结果:在CRI和SC组中,DEX最大浓度(Cmax)分别为0.83±0.27ng/mL和1.14±0.71ng/mL,分别,在时间(Tmax)为57.0±13.4min和105.5±29.9min时达到。对于CRI组和SC组,到最后可测量浓度(MRTlast)的平均停留时间分别为11.7±6.2和55.8±19.7分钟。分别。CRI组表观消除半衰期为18.0±10.0min,SC组为94.8±69.8min,而CRI和SC组的曲线下面积(AUC0-last)分别为67.7±29.3和83.2±60.5min*ng/mL,分别。CRI组清除率为16.26±8.07mL/min/kg。两组均无不良反应迹象。
结论:在麻醉马中重复SC给药后,DEX的药代动力学特征与麻醉期间的静脉CRI给药相当,并且在全身麻醉的恢复期有益。SC途径可以被认为是CRI的替代方案,以改善接受全身麻醉的马患者的恢复质量。
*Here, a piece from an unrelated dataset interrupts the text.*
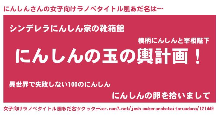 | 胡散臭い通販商品みたいなあだ名 | 『全米が絶賛したサプリメント…その名も「にんしん」』 |

结果:在CRI和SC组中,DEX最大浓度(Cmax)分别为0.83±0.27ng/mL和1.14±0.71ng/mL,分别,在时间(Tmax)为57.0±13.4min和105.5±29.9min时达到。对于CRI组和SC组,到最后可测量浓度(MRTlast)的平均停留时间分别为11.7±6.2和55.8±19.7分钟。分别。CRI组表观消除半衰期为18.0±10.0min,SC组为94.8±69.8min,而CRI和SC组的曲线下面积(AUC0-last)分别为67.7±29.3和83.2±60.5min*ng/mL,分别。CRI组清除率为16.26±8.07mL/min/kg。两组均无不良反应迹象。
结论:在麻醉马中重复SC给药后,DEX的药代动力学特征与麻醉期间的静脉CRI给药相当,并且在全身麻醉的恢复期有益。SC途径可以被认为是CRI的替代方案,以改善接受全身麻醉的马患者的恢复质量。